Provided material:
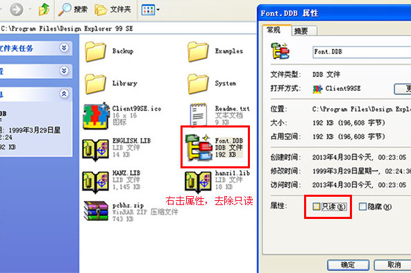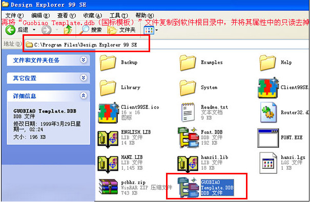再将“Guobiao Template.ddb(国标模板)”文件复制到Design Explorer 99 se 根目录中,并将其属性中的只读去掉。
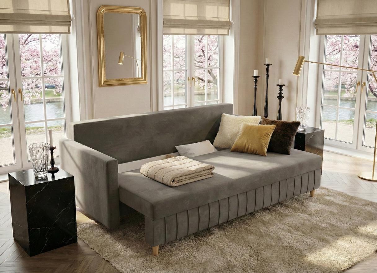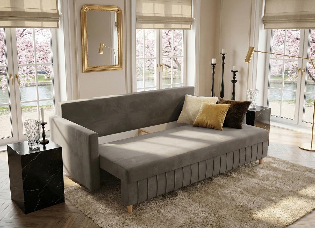 SZARA SOFA ROZKŁADANA 224 CM WATSON – WELUROWA ELEGANCJA I DETALE, KTÓRE PRZYCIĄGAJĄ WZROK
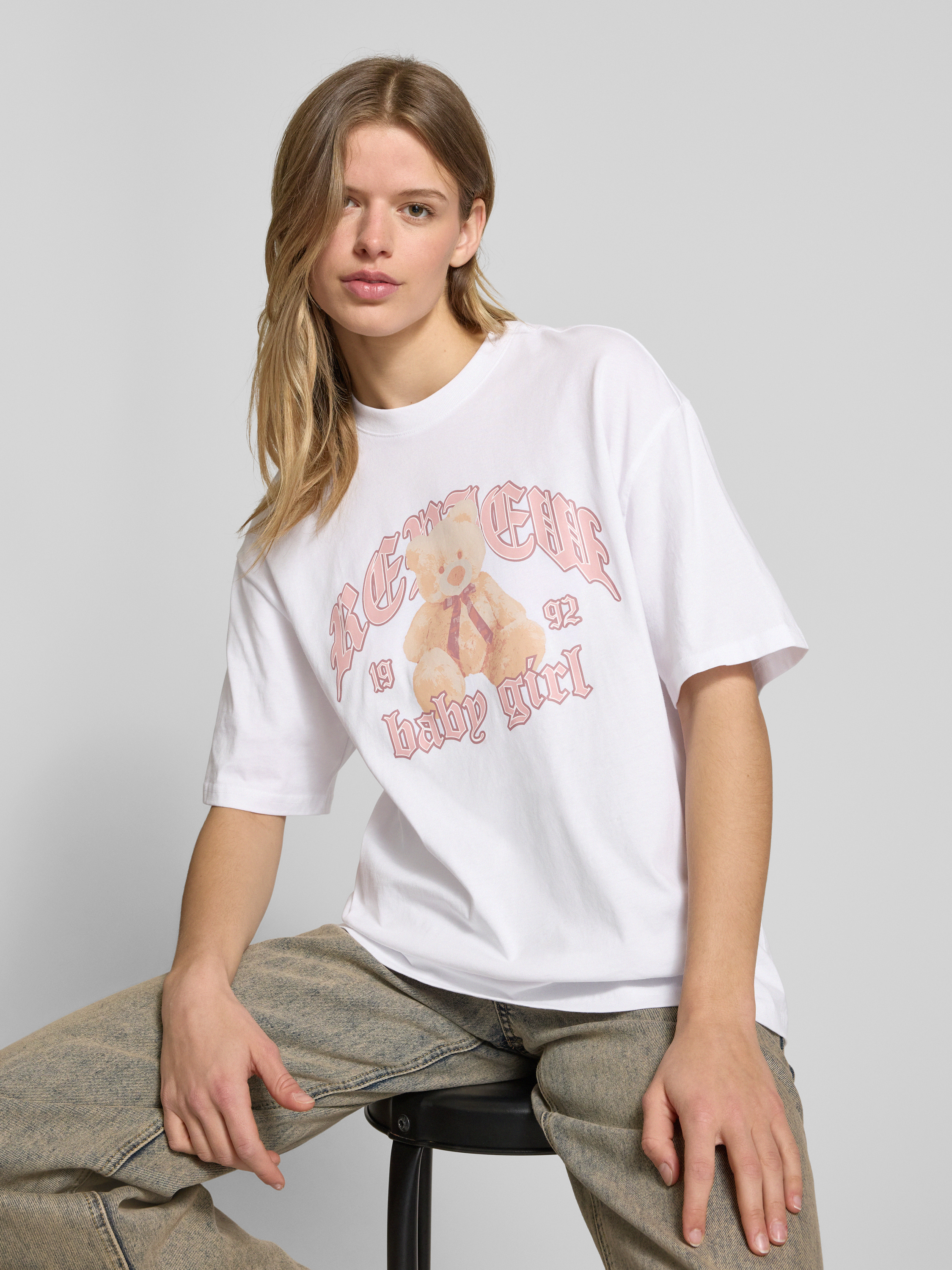 ReviewOversized T-Shirt mit Label-Print in weiss
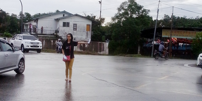 (本报诗巫19日讯)东山路与黄景和路口交通灯失灵,造成交通严重混乱,1名少女临时充当交警,在马路中央指挥交通,直到叶海量州议员召来交通警察后,责任才交回交通警察。
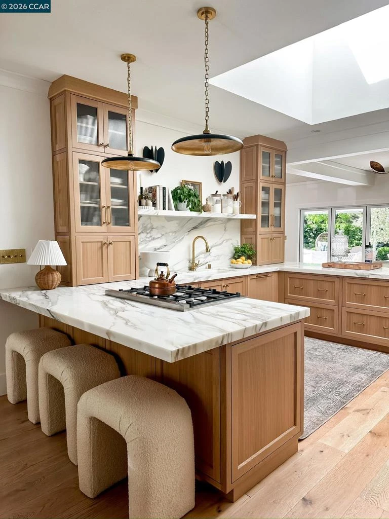 Turnkey and completely remodeled, this beautifully updated 3-bedroom, 3-bath home with a separate 1-bedroom, 1-bath ADU/guest house offers the perfect blend of thoughtful design, modern upgrades, and effortless indoor-outdoor living. Renovated from top to bottom with custom finishes throughout, the home features a stunning chef’s kitchen remodeled in November 2024 with Calacatta Borghini marble countertops, custom white oak cabinetry, fully integrated Miele appliances, Visual Comfort lighting, and a charming custom coffee bar with French doors. The primary ensuite was remodeled in December 2025, and the primary suite also features a fashion lover’s dream walk-in closet. All bedrooms include their own ensuite bathrooms, and all bathrooms feature marble flooring, countertops, Kohler fixtures, and heated floors, creating a spa-like experience throughout the home. Custom millwork and cabinetry elevate the living spaces, including a built-in entertainment center, bar, and breakfast nook. Panoramic accordion doors open to the backyard, while matching doors on the ADU create a seamless connection between indoor and outdoor living—perfect for entertaining. The fully relandscaped backyard (2024) features a mature 30-year-old fruitless olive tree, built-in gas fire table, and more!
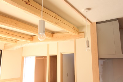写真はLDKの一部です。天井の梁をどの角度から写したらかっこよく撮れるか迷いました。
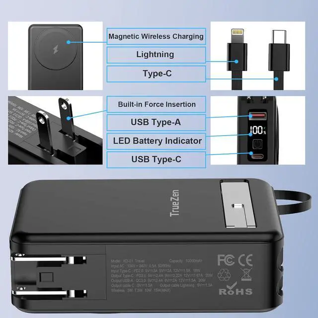 All-Day Power Performance: Bateria portatil para celular 10000mAh portable charger power bank with enough capacity provides 24-hour+ run time for iPhone/Samsung cycles, dual-engine refills power bank itself in 1.8 hrs via Type-C PD input, all-in-one charging station hub reduces luggage weight by 60% versus traditional chargers. Newly battery pack charger portable design for iphone, ipad, android charger fast charging.
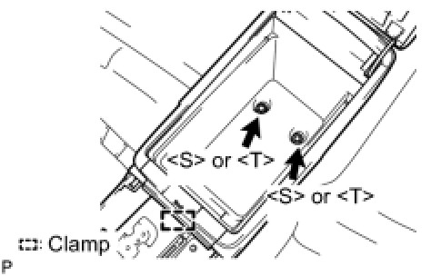 (b) Install the console box assembly with the 2 bolts [S] or [T].
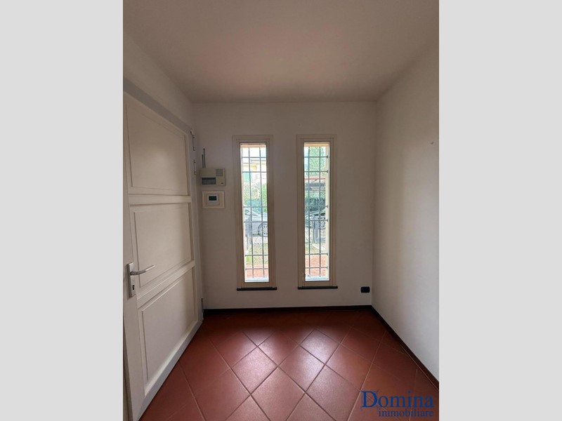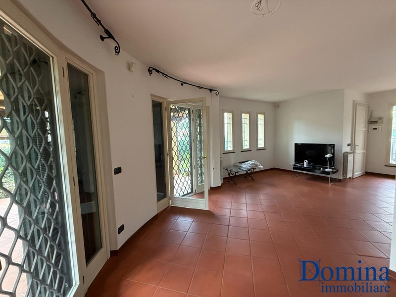 Al piano terra l’ingresso principale conduce nella luminosissima zona giorno, caratterizzata da un ampio soggiorno con grandi aperture che garantiscono luce naturale in ogni momento della giornata. Le porte-finestre permettono l’accesso all’esclusivo portico, ideale per pranzi e cene all’aperto durante la bella stagione.
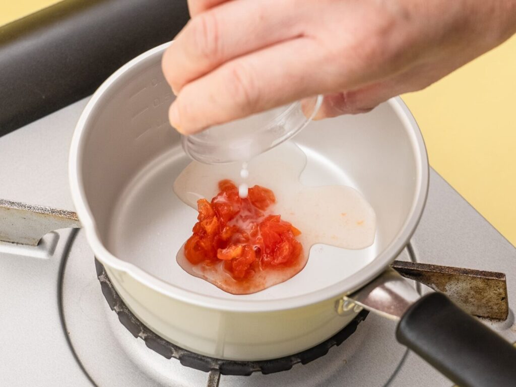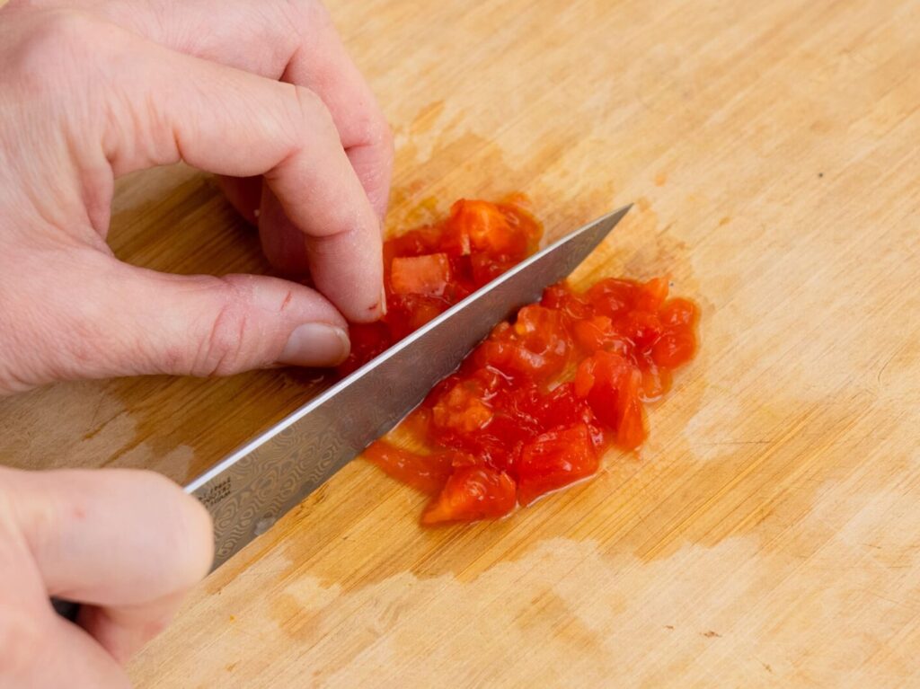 ミニトマトは湯むきをして種を取り除き、みじん切りにする。
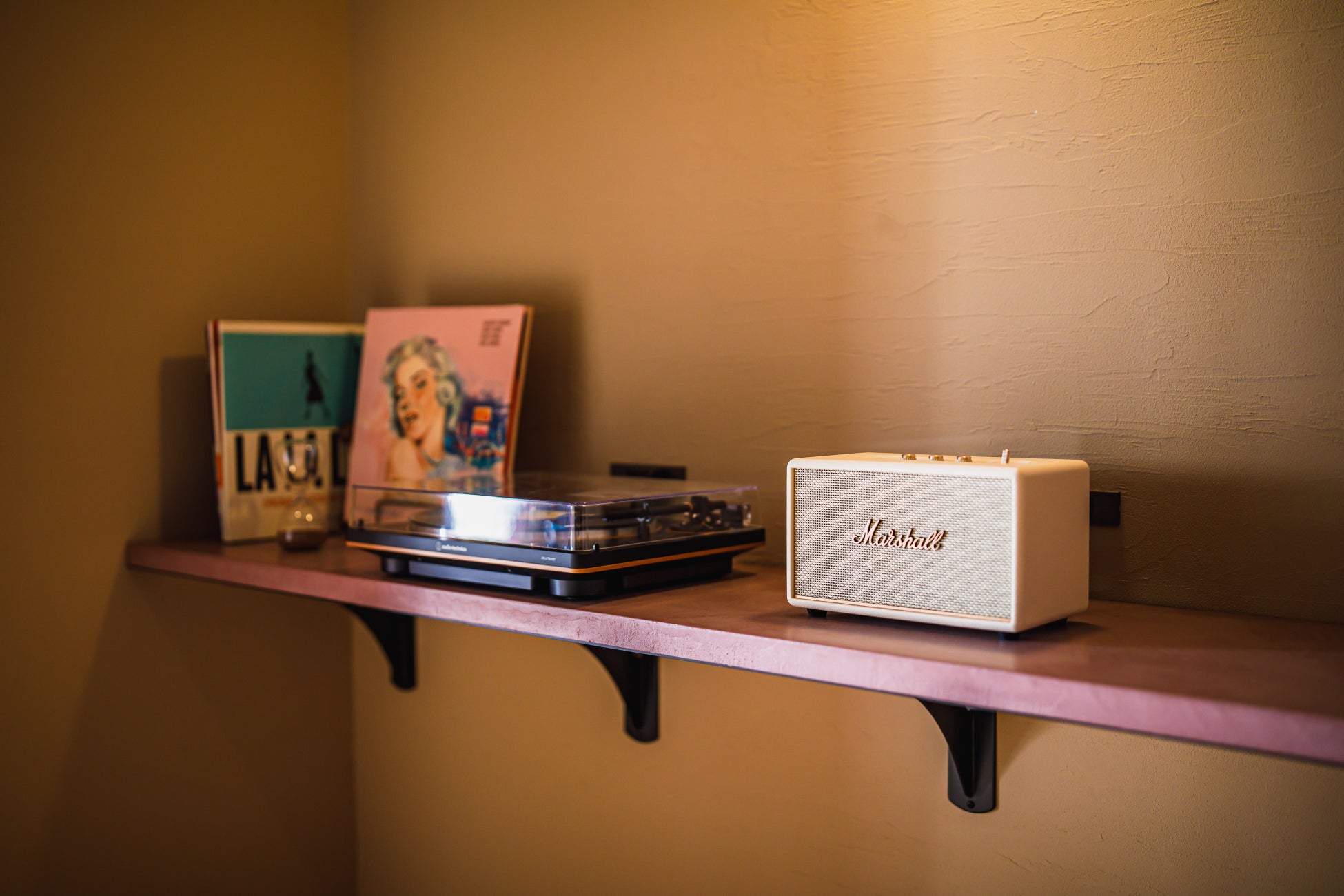 ・レコードの音色が流れるラウンジでのリラックスタイム

Assigned task:
What is wanted is an exact copy of the lines above from the one containing "ReviewOversized T-Shirt mit" through the one containing "(本报诗巫19日讯)东山路与", with no pictures in it.

Solved exercise:
 ReviewOversized T-Shirt mit Label-Print in weiss
 (本报诗巫19日讯)东山路与黄景和路口交通灯失灵,造成交通严重混乱,1名少女临时充当交警,在马路中央指挥交通,直到叶海量州议员召来交通警察后,责任才交回交通警察。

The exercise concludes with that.